■ Data for analysis
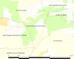 - Situación de Saint-Ouen-de-Pontcheuil en un mapa de Francia y de comunas limítrofes (en francés)
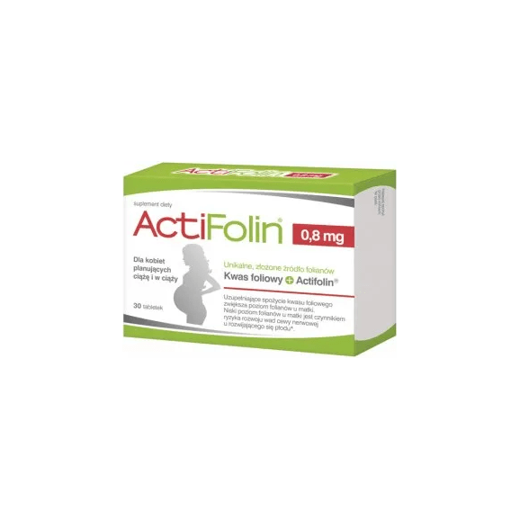 ActiFolin - suplement diety zawierający w swoim składzie kwas foliowy w tym foliany. Preparat przeznaczony dla kobiet planujących ciążę i kobiet w ciąży.
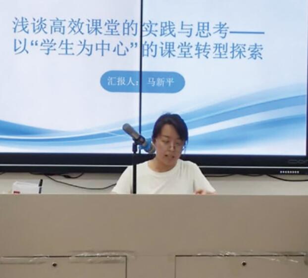 ④高一物理组马新平老师作了《浅谈高效课堂的实践与思考--以“学生为中心”的课堂转型探索》的汇报。
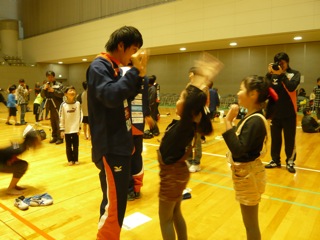 選手との対戦して、子供達がゴールを決めるシーンもありました。
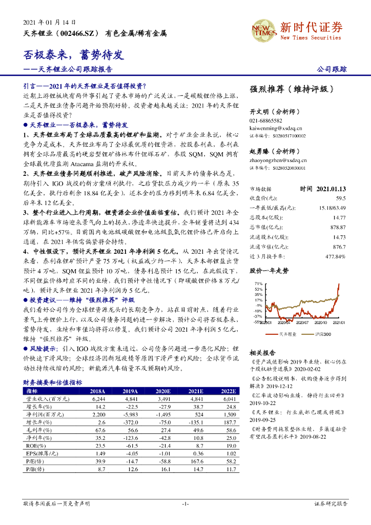 新时代证券:天齐锂业公司跟踪报告:否极泰来,蓄势待发.pdf
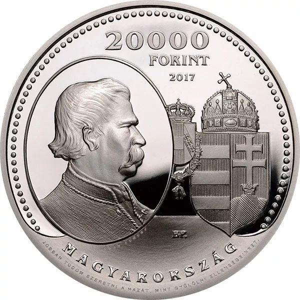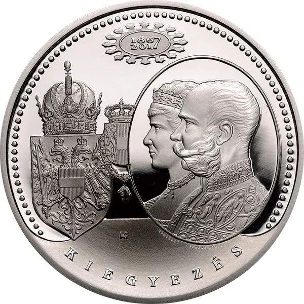第二名:匈牙利“奥匈帝国妥协150周年”银币。该币成色为92.5%,重量为77.76克,直径为76.5毫米,面额为20000福林,最大发行量为5000枚。正面图案为戴阿克·费伦茨肖像。正面下方的微缩文字是戴阿克的政治口号:我热爱我们的祖国胜过憎恨我们的敌人。戴阿克是匈牙利著名政治家,被称作“匈牙利的智者”,推动1867年奥匈妥协方案的实行。背面图案为弗朗茨·约瑟夫一世和伊丽莎白皇后的肖像。弗朗茨·约瑟夫一世是奥地利皇帝兼匈牙利国王,也是奥匈帝国缔造者和第一位皇帝。1867年6月8日,他与匈牙利贵族达成和解,加冕为匈牙利国王,建立了奥匈帝国。1867年的妥协重新建立了奥地利帝国与匈牙利王国之间的政治、法律和经济关系,并形成了奥匈帝国的双重君主制。
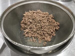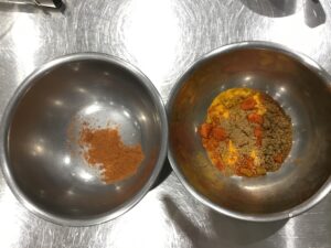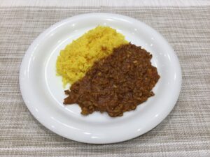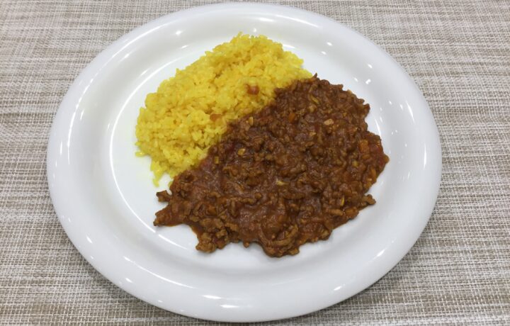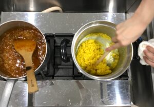 キーマカレーはまず野菜をコンカッセ(粗みじん切り)にします。ひき肉を炒めたら、丁寧に油をきって、炒めた野菜とスパイスとひき肉をブイヨンで煮込んだら出来上がり!「キーマ」はヒンディー語で「細かいもの」や「挽肉」という意味なんですよ。ターメリックライスは洗米せずそのままバターで炒めたあと文化鍋でブイヨンと一緒に炊きこみました。ターメリックライスは香り豊かで美味しそう!

■ How to complete this task
Reproduce every entry word for word, but skip any pictures.

■ Result below
 - Situación de Saint-Ouen-de-Pontcheuil en un mapa de Francia y de comunas limítrofes (en francés)
 ActiFolin - suplement diety zawierający w swoim składzie kwas foliowy w tym foliany. Preparat przeznaczony dla kobiet planujących ciążę i kobiet w ciąży.
 ④高一物理组马新平老师作了《浅谈高效课堂的实践与思考--以“学生为中心”的课堂转型探索》的汇报。
 選手との対戦して、子供達がゴールを決めるシーンもありました。
 新时代证券:天齐锂业公司跟踪报告:否极泰来,蓄势待发.pdf
第二名:匈牙利“奥匈帝国妥协150周年”银币。该币成色为92.5%,重量为77.76克,直径为76.5毫米,面额为20000福林,最大发行量为5000枚。正面图案为戴阿克·费伦茨肖像。正面下方的微缩文字是戴阿克的政治口号:我热爱我们的祖国胜过憎恨我们的敌人。戴阿克是匈牙利著名政治家,被称作“匈牙利的智者”,推动1867年奥匈妥协方案的实行。背面图案为弗朗茨·约瑟夫一世和伊丽莎白皇后的肖像。弗朗茨·约瑟夫一世是奥地利皇帝兼匈牙利国王,也是奥匈帝国缔造者和第一位皇帝。1867年6月8日,他与匈牙利贵族达成和解,加冕为匈牙利国王,建立了奥匈帝国。1867年的妥协重新建立了奥地利帝国与匈牙利王国之间的政治、法律和经济关系,并形成了奥匈帝国的双重君主制。
 キーマカレーはまず野菜をコンカッセ(粗みじん切り)にします。ひき肉を炒めたら、丁寧に油をきって、炒めた野菜とスパイスとひき肉をブイヨンで煮込んだら出来上がり!「キーマ」はヒンディー語で「細かいもの」や「挽肉」という意味なんですよ。ターメリックライスは洗米せずそのままバターで炒めたあと文化鍋でブイヨンと一緒に炊きこみました。ターメリックライスは香り豊かで美味しそう!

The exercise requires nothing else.